'It is difficult to ask other people at work for help.': 'PS5', 'It is safe to take a risk at work.': 'PS4',
'People at work sometimes reject others for being different.': 'PS3', 'People at work are able to bring up problems and tough issues.': 'PS2', 'If I make a mistake at work, it is held against me.': 'PS1', Administrative science quarterly, 44(2), 350-383. Psychological safety and learning behavior in work teams. The 7-item Psychological Safety scale, here denoted by the PS prefix, was developed by Edmondson (1999). We’ll rename the items based on the scale to which they belong, in the order listed on the source articles. Scale item columnsįirst we’ll rename the items belonging two psychology scales used: one measuring psychological safety at work and the other measuring general self-efficacy at work. Next we’ll rename the columns to be easier to work with. 'For each of the following statements, please indicate how much you agree or disagree based on your experience at workplaces in general (not in any specific job).'], 'US Congressional District', 'DMA Code', 'DMA Name', 'Weight', 'Country', 'Provider', 'US Census Region', 'US Census Division', Imports import pandas as pdįrom import qqplotĭf = pd.read_csv('pollfish-data.csv', encoding='latin1')ĭf = df.drop(['Time Started', 'Time Finished', 'Manufacturer', 'OS', 'Year Of Birth',
#Sns distplot rename x axis code
Let’s extract more relevant columns to another dataframe: columns = g_summary = g_search_results].copy() g_lumns = columns = if '_' in col else col for col in g_lumns ] g_lumns = columns g_summary.The code below implements the python code used to analyze this data. Like before, the output will be saved to a dataframe called g_search_results. Grid searching will also take a bit of time because we have 24 different combinations of hyperparameters to try. Once saved, let’s import it to Python: sample = pd.read_csv('IMDB Dataset.csv') print(f" g_search = GridSearchCV(estimator=pipe, param_grid=param_grid, cv=5, n_jobs=-1) g_search.fit(X_train, y_train) # Save results to a dataframe g_search_results = pd.DataFrame(g_search.cv_results_).sort_values(by='rank_test_score')
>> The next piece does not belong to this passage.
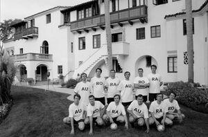 1999 Installation im Speisezimmer (Installation in the dining room) Villa Aurora / Los Angeles Hartfaserplatte (Masonite) / Kunststoffsaugnäpfe (PVC) / Neonleuchten (Circle light) / The Cambridge Modern History, (Vol.I - XIII, Cambridge 1911/1934) / 1 Tisch (1 table) geschredderte Zeitungen L.A. Stadtkulturmagazine (shredded newspaper, L.A. Stadtkulturmagazine: LA Weekly / New York Times Oct.1st - Dec. 8th, 1999.

#Sns distplot rename x axis download
You can download the dataset here and save it in your working directory. Now, we are ready to import the packages: # Set random seed seed = 123 # Data manipulation/analysis import numpy as np import pandas as pd # Text preprocessing/analysis import re from rpus import stopwords from nltk.stem import WordNetLemmatizer from nltk.tokenize import RegexpTokenizer from import SentimentIntensityAnalyzer from textblob import TextBlob from scipy.sparse import hstack, csr_matrix from sklearn.feature_extraction.text import TfidfVectorizer from sklearn.preprocessing import MinMaxScaler # Modelling from sklearn.model_selection import train_test_split, cross_validate, GridSearchCV, RandomizedSearchCV from sklearn.linear_model import LogisticRegression, SGDClassifier from sklearn.naive_bayes import MultinomialNB from trics import classification_report, confusion_matrix from sklearn.pipeline import Pipeline # Visualisation import matplotlib.pyplot as plt import seaborn as sns %matplotlib inline sns.set(style="whitegrid", context='talk') 1. If you have already downloaded, running this will notify you so. Once you have nltk installed, please make sure you have downloaded ‘stopwords’, ‘wordnet’ and ‘vader_lexicon’ from nltk with the script below: import nltk nltk.download('stopwords') nltk.download('wordnet') nltk.download('vader_lexicon') Let’s make sure you have the following libraries installed before we start: ◼️ Data manipulation/analysis: numpy, pandas ◼️ Data partitioning: sklearn ◼️ Text preprocessing/analysis: nltk, textblob ◼️ Visualisation: matplotlib, seaborn I have tested the scripts in Python 3.7.1 in Jupyter Notebook. If you are new to Python, this is a good place to get started. This post assumes that the reader (? yes, you!) has access to and is familiar with Python including installing packages, defining functions and other basic tasks.